In the fall of 1983 I moved to Lexington from Maine where I had been active with the American Friends Service Committee and the Nuclear Freeze movement. I found no organization here working on that issue. Instead, a number of small groups worked on peace and justice issues as separate entities.

I wanted to bring these organizations together to increase both their awareness of each other and their effectiveness. Will Hayes, retired president of Alice Lloyd College, mentored me by supplying me with names of individuals and groups.

As I met with these groups, they expressed interest in the idea of forming an umbrella organization, and in November 1983, the Central Kentucky Council for Peace and Justice was created.

In those early years the Council included peace and justice groups from a number of faiths including: Roman Catholic, Disciples of Christ, Presbyterian, Episcopal, Unitarian, Baha'i, Jewish, and Quaker. It included organizations working on peace and justice in Central America, the Philippines, and Iran, and local chapters of the Fellowship of Reconciliation, the Democratic Socialists of America, the ACLU, Physicians for Social Responsibility, and the United Nations Association. In addition, a local chapter of the Nuclear Freeze Campaign was founded and I became a member of the Council.

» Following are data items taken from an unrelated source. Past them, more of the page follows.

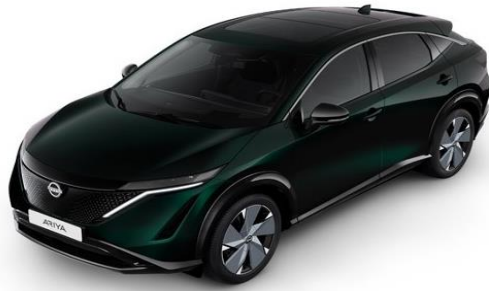
DAP Aurora Green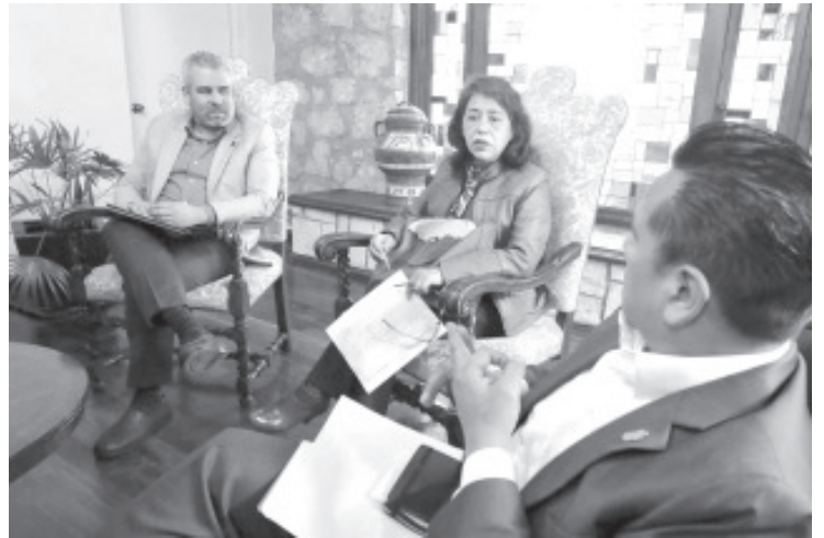
“Ya no podemos otorgar plazas directas por dos motivos: porque lo prohíbe la normatividad federal, y para no poner en riesgo la federalización de la nómina educativa”.

Finalmente, aseguró que las plazas que se han asignado a la fecha han sido bajo la normatividad, con registro ante Usicamm y con la debida integración del expediente correspondiente.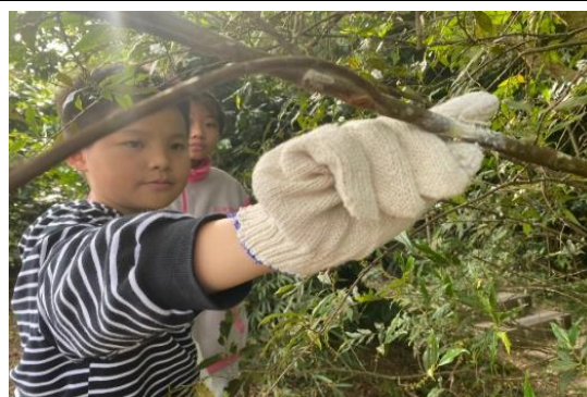
樹枝剝皮處塗抹發根粉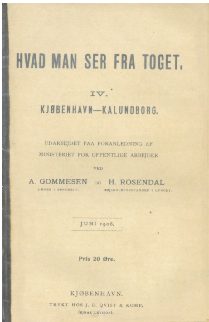
"Hvad man ser fra Toget" (1906)

efterfølgende gav audiens. I Kalundborg Varehus blev der afholdt festmiddag. Kongen og kronprinsen fortsatte rejsen videre mod Jylland, imens Dronningen vendte tilbage til København.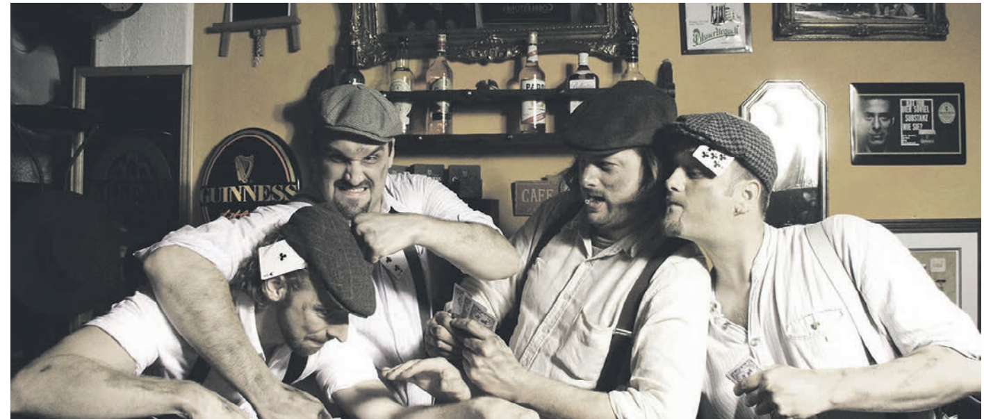
Kultur im Kreis: Am Sonntag gibt es Irish Folk mit den Cobblestones im Brotmuseum Ebergötzen.

13.00 PS Speicher Einbeck: Führung durch die Sonderausstellung „Klein aber mein“, 14.00 Zeitreisen durch die Geschichte der Mobilität (Führung)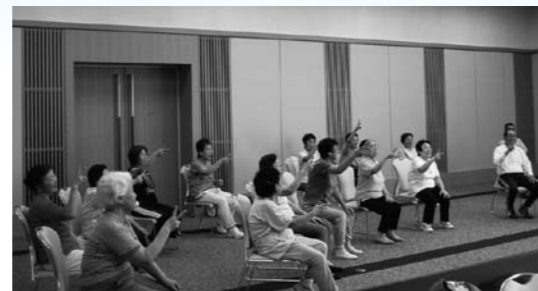
▲いすを使つての運動

During the 1980s presidency of Ronald Reagan, there was widespread fear that the U.S. arms buildup was a threat to global peace, especially through its program to install Cruise missiles in Europe. In those years many of us also opposed U.S. interventions in Central America. Reactionary policies of the U.S. government fostered the growth of the peace and justice movement nationally and here in Lexington. It's ironic to remember that we thought the Reagan administration was as bad as a presidency could get!

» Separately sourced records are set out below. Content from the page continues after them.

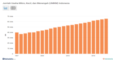
Gambar 1. Pertumbuhan UMKM di Indonesia dari Tahun 1997 hingga tahun 2019

Dunia usaha semakin berkembang pesat, beragam jenis usaha bermunculan salah satunya yaitu UMKM atau Usaha Mikro Kecil Menengah. Banyaknya pelaku usaha UMKM saat ini mengakibatkan ketatnya persaingan, hal ini mendorong pelaku UMKM untuk terus bertahan mengikuti perubahan zaman [1]. Peningkatan maupun penurunan pertumbuhan ekonomi di Indonesia dipengaruhi berbagai faktor, termasuk di dalamnya yaitu keterlibatan UMKM. Saat ini UMKM memegang peranan penting terhadap perekonomian daerah maupun nasional [2]. Selanjutnya pertumbuhan UMKM di Indonesia dari tahun 1997 hingga tahun 2019 ditampilkan pada Gambar 1.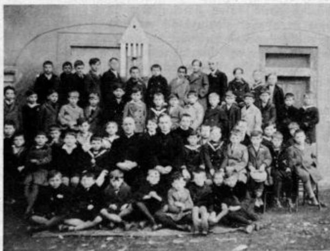
Marijin vrtec v Križankah v Ljubljani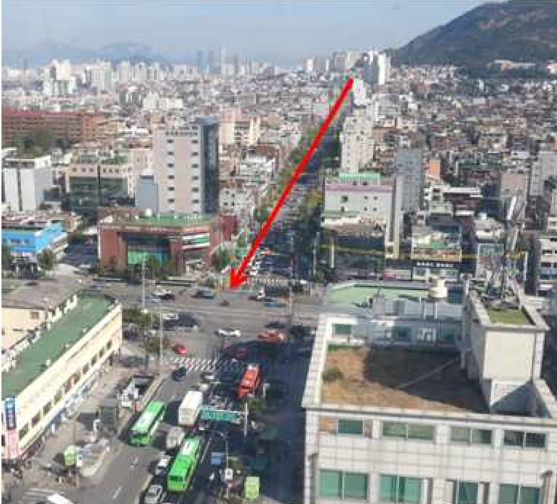
그림 11 능동 송신소에서 바라본 능동 16 측정 구간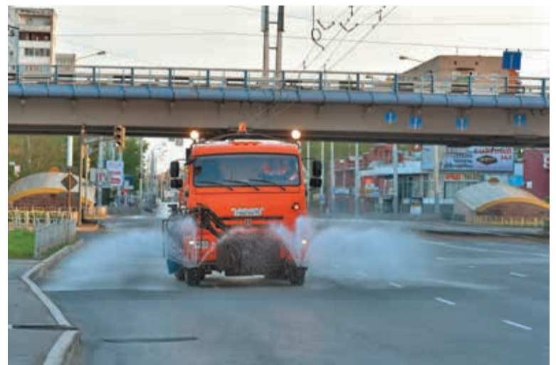
Дороги начинают мыть в 4 часа утра

В департаменте городского хозяйства мэрии сообщили, что, кроме того, за счет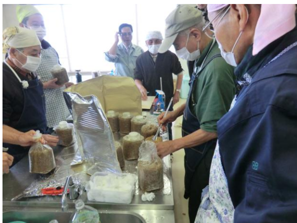
竹資源ネットワーク講習会における「竹オガ粉によるきのこ菌床づくり」の指導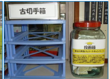
神戸地区市民センター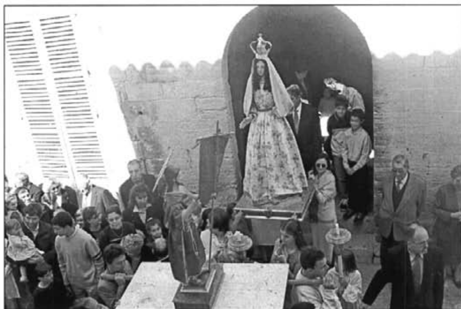
La processó de l'encontre no va desmerèixer de la d'anys anteriors

La Banda de Música, la setmana dels 6 al 13 de juliol realitzarà un circuit per Itàlia. Està previst que dia 10 oferisqui a Roma un concert a la plaça del Partenon (davant el teatre romà) i dia 13 sia rebuda pel Papa en el Vaticà, amb possibilitat que s'executi un peça, i en aquest cas seria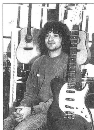
Michael Locher Gitarren und Equipment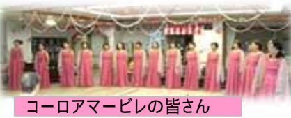
コーロアマービレの皆さん

One incident from those days shows progress achieved in one area of social justice. In 1987, when there was minimal support for the civil rights of lesbians and gay men, a national gay rights march was held in Washington. A co-chair of the Council was a lesbian who was not out in public life or to most of those on the Council board.

When the board was asked to endorse the march, it was unable to find consensus. You can imagine how painful this was for our co-chair. Painful too was the fact that those who opposed the endoresement had no idea of how personal the issue was for one of their own.

The refusal to endorse only made her less inclined to be open with the board. Yet, we continued to grapple with the issue, and at a later meeting the board agreed to: 1. place an ad in the Herald-Leader at the time of the march affirming support for the human rights of lesbians and gay men, 2. sponsor a self-education workshop on lesbian and gay issues, and 3. begin outreach to the gay community.

I served as the Executive Director of the Council from its early days until about 1991 when I went to graduate school, and Michael Fogler became the Executive director.